Highlights of financial results for  March 2000


Budgetary deficit of $31 million in March 2000

There was a budgetary deficit of $31 million in March 2000, an improvement of $501 million from March 1999. Budgetary revenues were up $977 million, or 7.2 per cent, program spending increased $470 million, or 4.4 per cent, while public debt charges were virtually unchanged (up $6 million, or 0.2 per cent), from year earlier levels.


Year-to-date: budgetary surplus of $14.9 billion

Over 12 months (April 1999 to March 2000), the budgetary surplus was estimated at $14.9 billion, up $5.4 billion from the surplus of $9.5 billion reported in the same period of 1998-99. Budgetary revenues were up $8.5 billion, or 5.5 per cent, program spending was up $3.3 billion, or 3.1 per cent, while public debt charges were down $90 million, or 0.2 per cent.

Final results to come in the fall

The financial results for the April 1999 to March 2000 period are not the final results for the 1999-2000 fiscal year. Still to come are the regular end-of-year accounting adjustments.

Consistent with government accounting principles, these adjustments incorporate increases in program spending to include the costs of liabilities incurred during the fiscal year for which no payments were made in 1999-2000. For example, the 2000 budget announcement of a one-time cash supplement of $2.5 billion to the Canada Health and Social Transfer will be booked in the end-of-year accounting period, following passage of legislation.

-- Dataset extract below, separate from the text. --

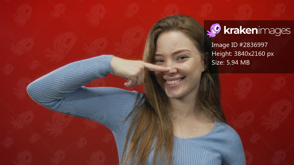 Woman in blue top pointing finger to nose in red studio with long hair and subtle smile; playful confidence.
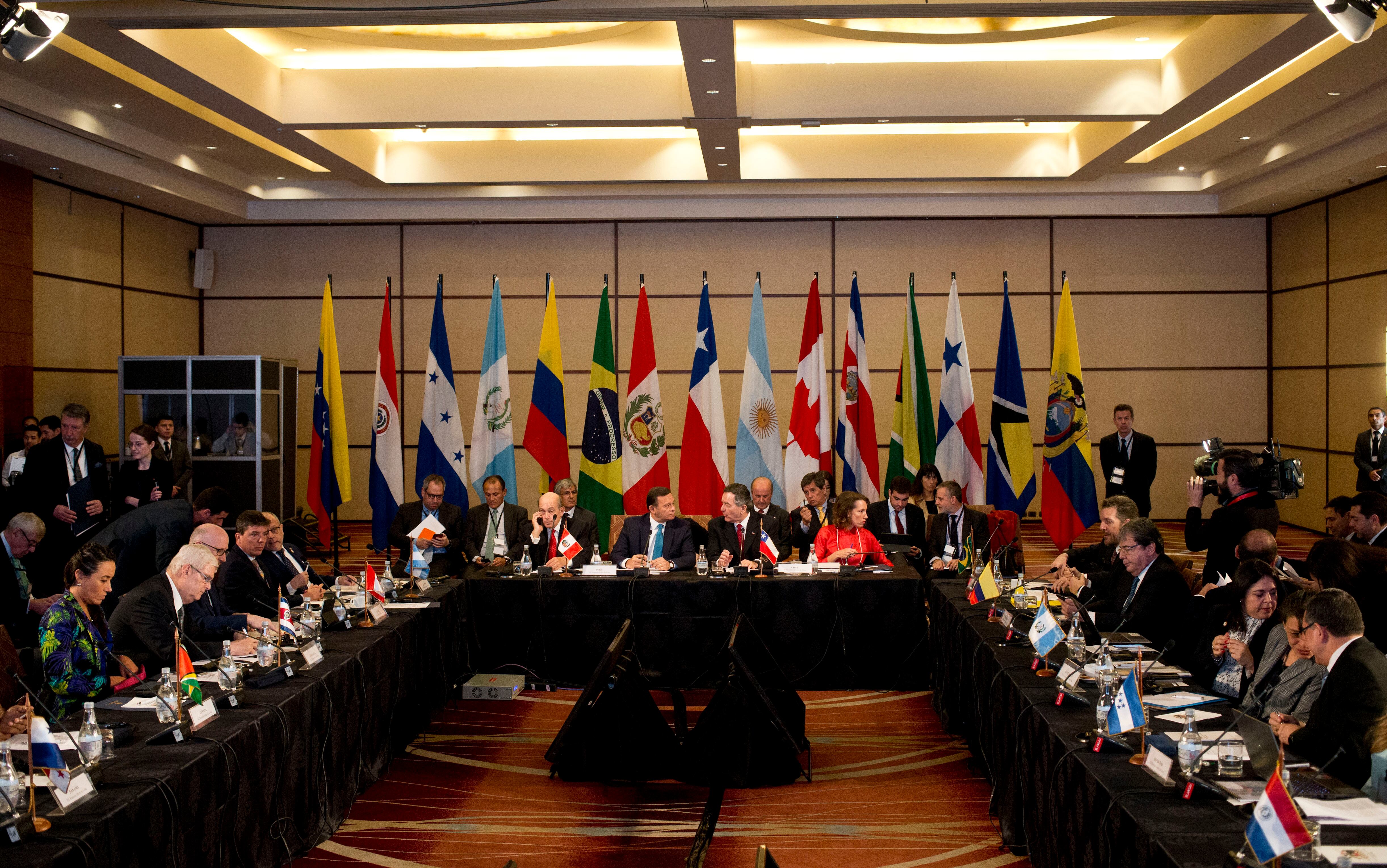 La declaración fue firmada por los gobiernos de Argentina, Brasil, Canadá, Chile, Colombia, Costa Rica, Guatemala, Honduras, Panamá, Paraguay y Perú. Guyana y Santa Lucía, miembros también del Grupo y cuyos representantes participaron de la reunión, no aparecen mencionados en la declaración, leída por el canciller chileno, Roberto Ampuero, ante la prensa, sin aceptar preguntas.

In addition, adjustments are made to include liabilities incurred by departments for goods and services received in late 1999-2000 but for which payments were made in the April/May 2000 period.

These adjustments, coupled with the inclusion of $3 billion for the Contingency Reserve, underlie the balanced budget estimate in the February 2000 budget for 1999-2000. However, the results to date indicate the final outcome for 1999-2000 will be better than expected. Economic growth for 1999 and the first quarter of 2000 was much stronger than expected by private sector economists when the budget estimates were finalized. This has translated into higher-than-expected personal and corporate income tax revenues. Spending remains largely on track. Any surplus for 1999-2000 will be applied to reducing the federal debt.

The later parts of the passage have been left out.